/numba-dask-workshop

Code for the Numba & Dask Workshop @ PyConf Hyderabad 2019

Primary LanguageJupyter NotebookMIT LicenseMIT

Numba & Dask Workshop - PyConf Hyderabad 2019

This repo contains the code for the Numba & Dask Workshop I presented during PyConf Hyderabad 2019 at IIIT-Hyderabad on Dec 7th 2019.

For running locally, please download Anaconda Scientific Distribution for your respective platform.

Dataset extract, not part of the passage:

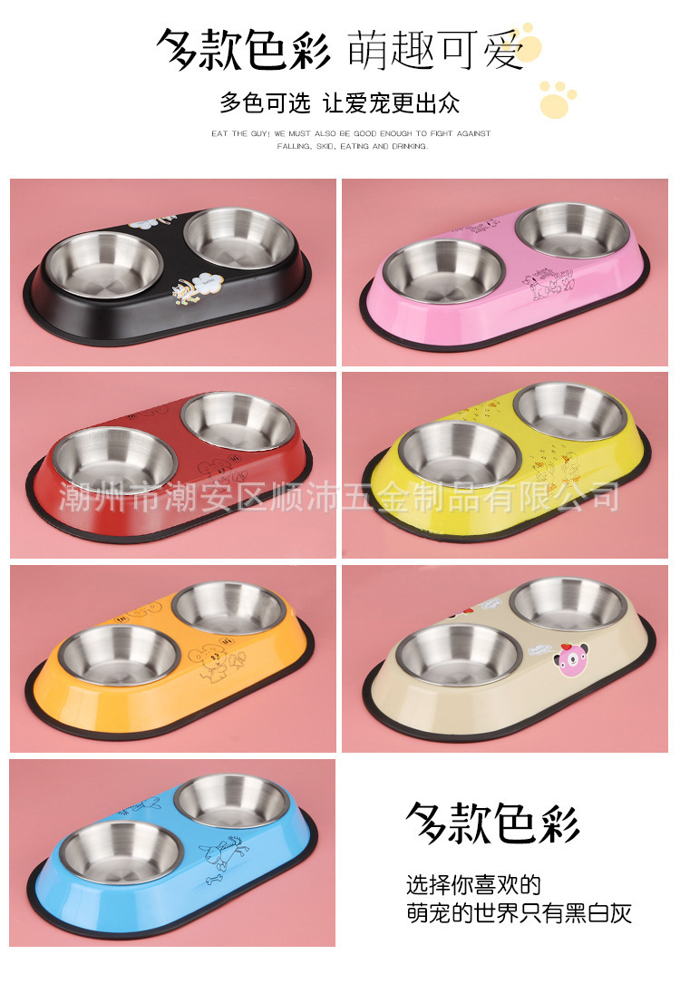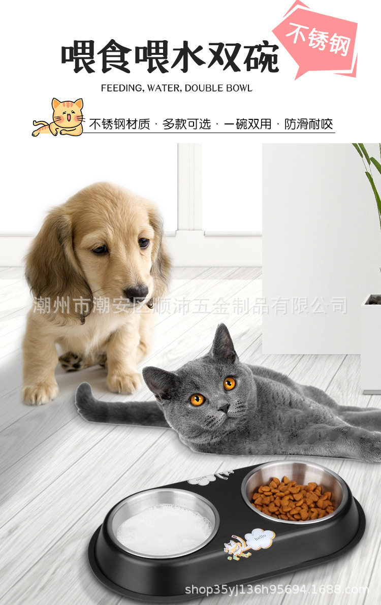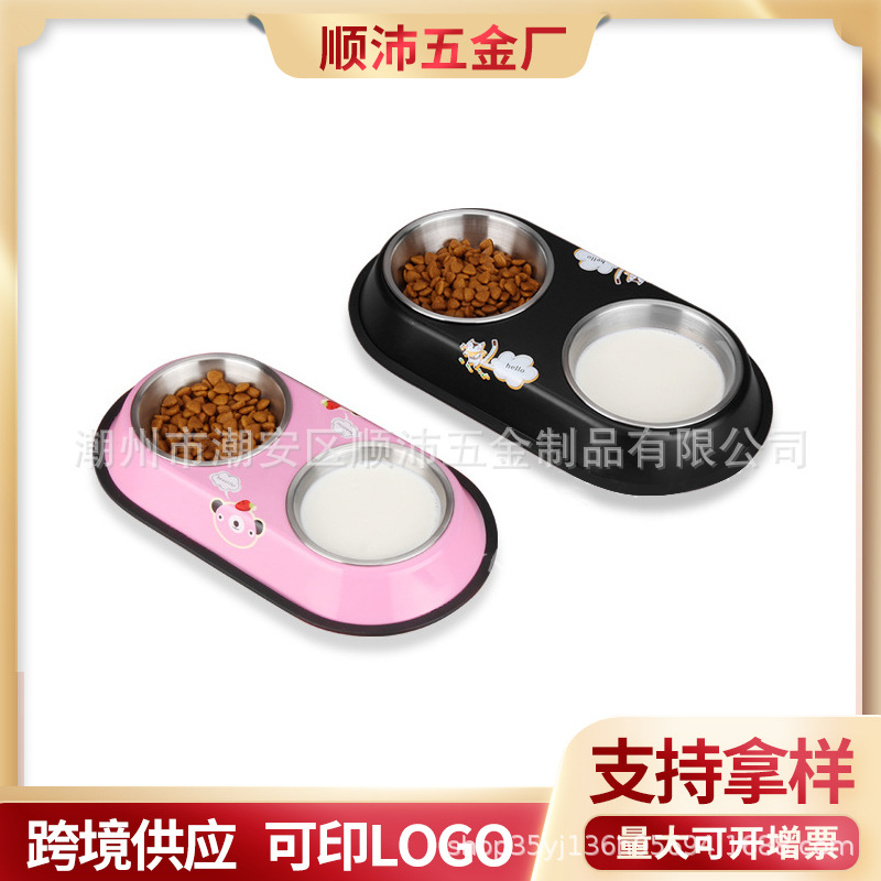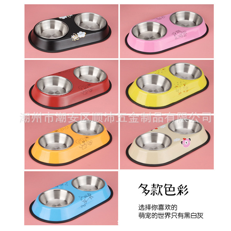 Трансграничные из нержавеющей стали Кошка Чаша оптом двойного назначения поилка утолщенная краска кормления собака чаша красочные ПЭТ двойной чаша

Recommended OS is Ubuntu 18.04 LTS.

Installation

Please clone the repo

git clone git@github.com:vijaysharmay/pyconf-workshop.git
cd pyconf-workshop

For creating the conda environment, please run

conda create --name pyconf-workshop --clone base

once the environment is setup, you can activate it by running

conda activate pyconf-workshop

Install the dask extension by using the below commands after activating your conda env

pip install dask_labextension
jupyter labextension install dask-labextension
jupyter labextension enable dask-labextension

Data Setup

Run the below commands for data setup after following the instructions for using kaggle API here

sudo apt install unzip
mkdir data
make data

OR

You can simply download the Kaggle dataset here to a directory called data/youtube (which should contain only CSV files)

Contents

There are 4 Jupyter notebooks in this repo:

  • 01-introduction.ipynb, which introduces python's performance problem and how numpy adds value (if any)
  • 02-numba.ipynb, explains basics of numba and gives practical examples of @jit and @vectorize, two important decorators to work with numba immediately
  • 03-dask.ipynb, explains the necessity for computing larger than memory datasets and how dask adds value
  • 04-cluster.ipynb, explains how to use dask in a simple SSH cluster and explains how to integrate numba and dask

F.A.Q

Q: Will numba and dask help me in scaling up my existing data science pipeline?
A: It depends. For example, have you tried understanding what exactly is the bottleneck with your current stack? Have you quantified the performance bottleneck? Do you really need to optimize? Are there any other alternatives?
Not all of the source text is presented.